An update on EJ.  He had a brain and spinal MRI and then surgery for undecended testes, it was over 5 hours and it seemed like eternity.  At the same time, it was easy.  My extrordinary aunt (who is in the throws of getting her masters full time, working and doing her practicum) insisted on helping and bringing me to the hosptial at 530 AM with EJ, so Jeremy could get the kids off and meet me there later.  I insisted she not do this and she insisted she did.  I am so glad she did.  It was nice.  Nice to let someone in.  She had a tougher time than I expected.  Somethings, like hospital admissions and procedures you become somewhat numb to at this point.  It was bizzare almost to see it through a "newcomers" eyes.  It was a great distractoin once surgery began as we just chatted about all world topics, as we typically do and soon enough hours had passed and Jeremy was there.

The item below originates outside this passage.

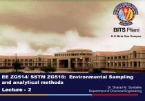 BITS Pilani K K Birla Goa Campus EE ZG514/ SSTM ZG516: Environmental Sampling and analytical methods Lecture - 2 Dr. Sharad M. Sontakke Department of Chemical Engineering Summary of Lecture 1 Module 1 (part 1): Structure and function of pollutants, and analysis • Need of environmental sampling and analysis • Qualitative and quantitative analysis • Structural formula • Functional group • Concentration unit • Organic and inorganic pollutants BITS Pilani, K K Birla Goa Campus Contents Module 1 (part 2): Structure and function of pollutants, and analysis • Source of pollutants • Common analytical methods BITS Pilani, K K Birla Goa Campus Organic pollutants These includes organic compounds such as: • Phenols, • Organic dyes, • Polyaromatic hydrocarbons, • Polychlorinated biphenyls, • Pesticides, • Pharmaceuticals, • Polymers, etc. BITS Pilani, K K Birla Goa Campus Inorganic pollutants These include: • Heavy metals and trace elements such cadmium (Cd), chromium (Cr), arsenic (As), lead (Pb), mercury (Hg), Fluoride (F), etc., • Oxides of metal, • Inorganic ions: Chloride (Cl‒), Sulfate (SO42‒), (NO3‒), Phosphate (PO32‒), etc. • Metal salts, etc. BITS Pilani, K K Birla Goa Campus Sources Organic Dyes Textile Tanning Paper Chemical Phenols Textile Petroleum Metallurgy Chemical Detergents Dairy Food processing Laundry Organo-pesticides Agriculture Food processing Acids Textile Metallurgy Chemical Alkali Textile Metallurgy Chemical Metals Textile Metallurgy Agriculture Metallic salts Tanning Paper Metallurgy Cyanides Metallurgy Inorganic Laundry Agriculture BITS Pilani, K K Birla Goa Campus Sources of some inorganic pollutants: BITS Pilani, K K Birla Goa Campus Source of Air pollutants: Natural or anthropogenic • Natural: wind-blown, pollen, sea salt, volcanic ash and gases , etc. • Anthropogenic: combustion of fossil fuels, water vapor, trace metal oxides, incineration, coal and iron ores • Industrial sources: cement, glass, ceramic, refractories, power plant, refineries, pulp and paper, food processing BITS Pilani, K K Birla Goa Campus Particulate matter In general, particulate matter (PM) refers to all atmospheric substances that are not gases. They include suspended droplets, solid particles or mixture of these. The PM can include inert to very reactive materials ranging in size from 100 μm down to 0.1 μm or less. The inert material do not react with the environment whereas, the reactive materials may react chemically. BITS Pilani, K K Birla Goa Campus Classification: Dust: It contains particles of the size ranging from 1-200 μm. These are released due to natural disintegration of rocks and soil or by mechanical processes of grinding spraying. Fine dust particles acts as a catalyst for many chemical reactions in the atmosphere. Smoke: These contains fine liquid or solid particles (ranging between 0.01-1 μm) released as a result of combustion or other chemical process. It may have different colors based on the material burnt. BITS Pilani, K K Birla Goa Campus Fumes: These contains fine solid particles (ranging between 0.1-1 μm) released from chemical or metallurgical processes. Mist: Made up of liquid droplets generally smaller than 10 μm. These are formed by condensation or released from industrial operations. Fog: Mist in which liquid is water and sufficiently dense to blur vision. Aerosol: Includes air-borne suspension (solid or liquid) BITS Pilani, K K Birla Goa Campus Sources of particulate matter Fossil fuel combustion: Fossil fuels are an anthropogenic source of particulate matter (PM). Coal, oil, natural gas, gasoline, and diesel fuel all produce some PM. Combustion of gasoline in an automobile engine emits particles of organic material (soot), Si, Fe, Zn, and S. Diesel-powered trucks emit 10 to 100 times more particulate material than do gasoline-powered vehicles; most of this PM takes the form of organic material from unburned fuel. BITS Pilani, K K Birla Goa Campus The combustion of coal releases soot, sulfate, and fly ash. Coal is a solid fossil fuel that was formed millions of years ago by compaction of partially decomposed plant material. The classes of coal are distinguished by their percentage of carbon, which is directly related to their heating value. Seams of coal also form with other natural minerals such as iron pyrite (FeS). BITS Pilani, K K Birla Goa Campus Some fraction of the minerals produces particles of fly ash, so named because smaller particles of ash that are produced enter the furnace flue and “fly up” the smokestack. The size (diameter) of the fly ash largely determines whether it will be removed from the stack gases by electrostatic precipitators or bag houses; these systems easily remove larger-diameter particles. Coal-fired boilers produce approximately 1% to 2% fly ash, with a diameter of 0.1 µm. BITS Pilani, K K Birla Goa Campus Even though this small-diameter fraction represents only 1% to 2% of the coal-combustion emissions by weight, it accounts for the largest number of particles and most of the surface area. Fly ash from coal-fired boilers has been shown to contain Fe, Zn, Pb, V, Mn, Cr, Cu, Ni, As, Co, Cd, Sb, and Hg. This smaller fly ash is an inhalation risk; smaller particles are less likely to be trapped in the nose or larynx and are more likely to be inhaled into the deep recesses of the lung. BITS Pilani, K K Birla Goa Campus Industrial Sources Some industrial processes involve burning metals in conjunction with fossil fuels. Waste incineration and kiln drying of cement are two examples of industrial processes in which metals are emitted. The PM resulting from this kind of industrial process usually contains Fe2O3, Fe3O4, Al2O3, SiO2, and metal carbonates. In such processes, heavy metals vaporize at high temperature and then recondense onto particles that are formed simultaneously. BITS Pilani, K K Birla Goa Campus Miscellaneous Sources Rubber particles from tires, pollen, viruses, an
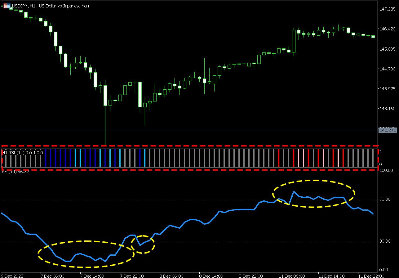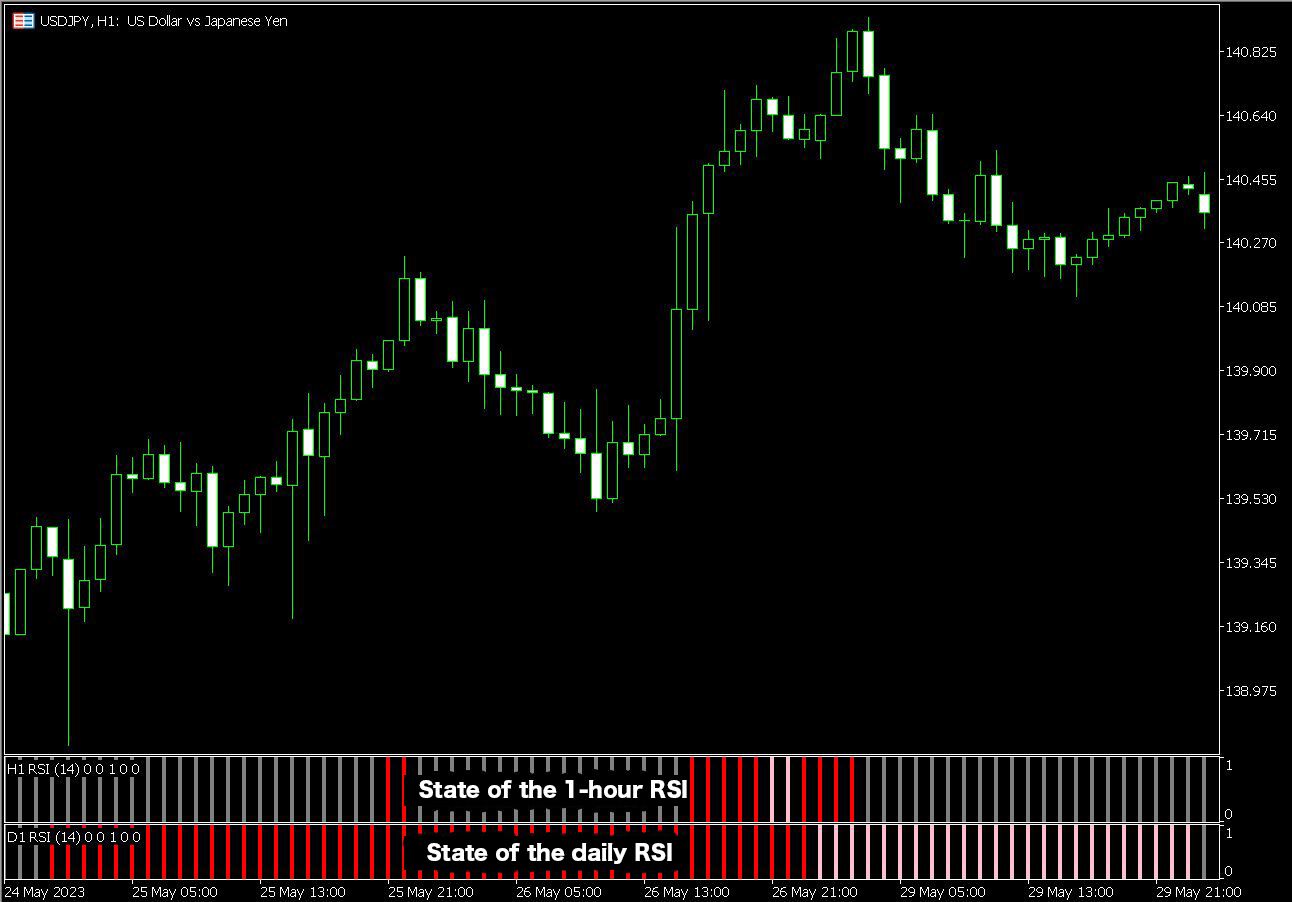 【Example showing the state of the RSI for 1-hour and daily timeframes on a 1-hour chart】

The results of the MRI were what we were anxiously waiting for.  We would have to wait through Easter weekend, which I wasn't happy about, but did provide some relief knowing it wasn't urgent.  The neurosurgeon who calls herself Debbie when she calls, which really makes me love her even more; explained in detail numerous findings from the MRI.  I won't bore you with all of them here.  Basically, his ventricles are still enlarged and extra fluid remains on his brain, but not shunt as of now.  His spine is displaying scoliosis and will need intervention, unsure of how much because of his tethered spinal cord and if we correct that, how much will that help.  So, yes, that leads me to his tethered spinal cord that will need untethering, or in laymen terms, cut.  Last week Jeremy was in CA for major meetings he couldn't change and well I was here with 4 kids and 3 appointments at the hospital with EJ.  Jeremy's mom is literally a saint and took off of work and took Nolan to help- which it did immensely.  I saw the films in person and we discussed some further bladder/kidney testing he would need prior to the surgery and set everything up.  So, now we are here.  His surgery scheduled for May 23.  We will be there for 5 days, which in reality could be a lot worse.  But, ick.  I hate the hospital.  Who likes it?  It seems that shockingly the recovery isn't that bad, it's more the procedure and risk of complications when opening up the spinal column, but I have total faith in his doctors and staff and am confident all will be well.  I just hate it.   I hate seeing my baby with tubes, crying, helpless.  I hate depending on others and feeling needy.  I hate leaving my kids and missing another holiday weekend in the hospital.  I hate appointments and arranging schedules for bad crap.  I hate worrying about it, thinking about it, I hate it.

So, wow that's a lot of deep talk for a Thursday,  but there it is, the good, bad and ugly.  That is how we do it.